A South African parliamentary committee on Thursday backed changing the constitution to support land being taken from its owners without compensation, in the latest step of a heated battle to address apartheid-era inequality.

The ruling African National Congress party and the radical left Economic Freedom Fighters voted in favour of the move, while the main opposition Democratic Alliance voted against.

President Cyril Ramaphosa has made land redistribution his flagship policy ahead of elections in May next year, describing it as a "festering wound" for the country, which ended white-minority rule in 1994.

He has said that "expropriation without compensation" will be done within the law and not threaten food production or the economy, vowing to halt any violent land seizures that triggered chaos in neighbouring Zimbabwe under Robert Mugabe.

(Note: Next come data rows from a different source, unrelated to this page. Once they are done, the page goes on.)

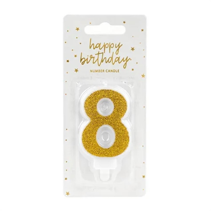 PartyDeco tordiküünal, kuldne, 7 cm, number 8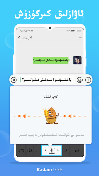 badam维语输入法最新版是一款实用的输入法软件,方便新疆的朋友们进行维语的输入交流,也方便喜欢维语的朋友们进行日常生活当中的学习。badam维语输入法下载安装后不仅支持打字输入,还支持语音和手写输入,结果准确误差率小,让用户能够加快自己的输入速度。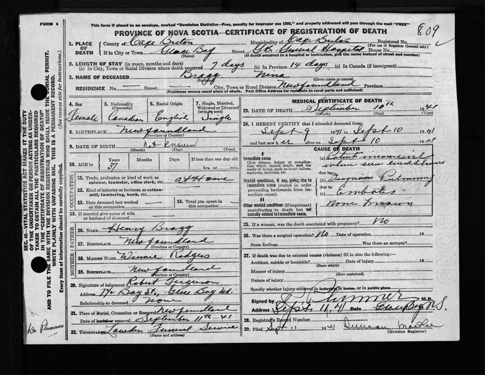 Female Death Registration: Year: 1941 file: 198 number: 809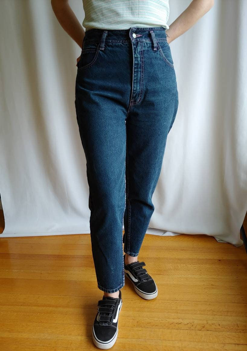 70s vintage Lee jeans 30 31 waist light wash extra high waisted tapered leg mom

"The Joint Constitutional Review Committee today adopted its report in favour of an amendment of section 25 of the Constitution to make it possible for the state to expropriate land without compensation," parliament said in a statement.

Committee chairman Stan Maila said that "there was a need for urgent and accelerated land reform in order to address the injustices of the past... the hunger for land amongst the dispossessed was clear."

The panel's conclusions are likely to be challenged in court before a full vote by lawmakers to change the constitution.

Most private land in South Africa is owned by white people, 24 years after the end of apartheid.

The ANC faces tricky elections next year as its support has declined steadily since Nelson Mandela led it to victory in the 1994 poll.

Ramaphosa took power in February and has vowed to revive the national economy and restore the party's popularity after the nine-year reign of scandal-tainted Jacob Zuma who was ousted by the ANC.